No I have never seen that recommended anywhere. There is no issue with using a vswitch to connect your wan to pfsense. Expect for those with really really tight tinfoil hats maybe ;)

Keljian · Aug 16, 2015, 8:15 PM

straightens tinfoil hat

Still if you can do it, why not? Are you intending to use that physical port for any other purpose at the same time?

If you have pass through available, I don't see any logical reason not to, aside from a fringe case where pfsense doesn't have drivers for your nic where your hypervisor does.

johnpoz · Aug 17, 2015, 11:59 AM

Why not because it makes the setup more complicated - so why do it.. It doesn't buy you anything other than more complication if you ask me.. It sure not buying you any added "security"

KISS

Keljian · Aug 17, 2015, 2:07 PM

It is less trouble setting up direct path than it is a new vswitch, but hey, just go with what works for you

johnpoz · Aug 17, 2015, 2:41 PM

that is your opinion. Go with what works for you - but if you ask my opinion having vswitches tied to your specific nics with them labeled is much easier to manage then worried about what what specific nic is passed through to a specific vm.

Also very difficult to passthru a multiport nic and use one port as passthru and another port tied to a vswitch for use with other vms or lan side of your router vm.

When phyical tied to a vswitch I can bring up different copies of pfsense or other router distros tied to the vswitch and switch between them pretty much just turning off one vm and turning on different vm. Very easy to leverage port 1 for vswitch X and port 2 for vswitch Y, etc. etc. Especially if I use the same mac on my router vm wan vnics.. My public IP doesn't even change that way.. I can bring up different version of pfsense or untangle or ipcop or any of the other router/firewall distros in a matter of couple of minutes. Shutdown vm 1, turn on vm 2 and now my network is using different firewall/router distro for testing, etc.

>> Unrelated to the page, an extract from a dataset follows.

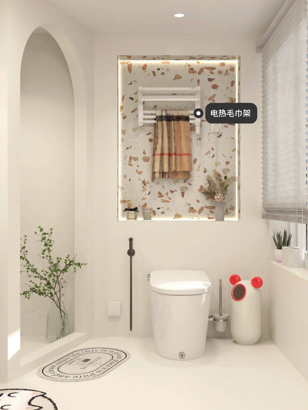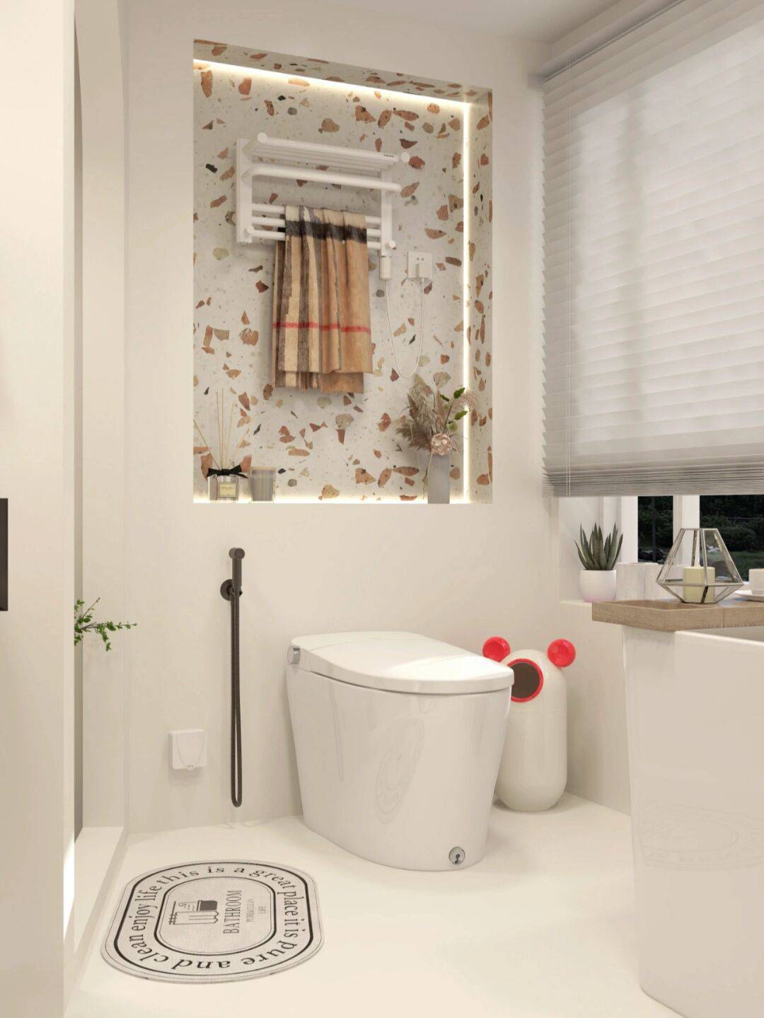 马桶区做了灯带,你们要的氛围感和高级感不就来了,奶fufu的浴室和水磨石也超搭✨

When tied to a vswitch I can connect any vm I want to the "wan" for say sniffing the traffic seen on the wan.. So I can use stuff like ntop or ids to monitor that traffic without having to run it on my pfsense vm.

To me your making it more complicated and reduced functionality for some perceived added security.

physical passthru also makes it difficult to use any sort of vmotion. Which I am currently not using in my home setup, but clearly passthru reduces the feature set of a Visualization setup.

KOM · Aug 17, 2015, 3:09 PM

physical passthru also makes it difficult to use any sort of vmotion.

I was just going to mention this part. No real benefit for passthrough but a major drawback.

Keljian · Aug 18, 2015, 2:37 AM

Ok I stand corrected - and appreciate the dialogue!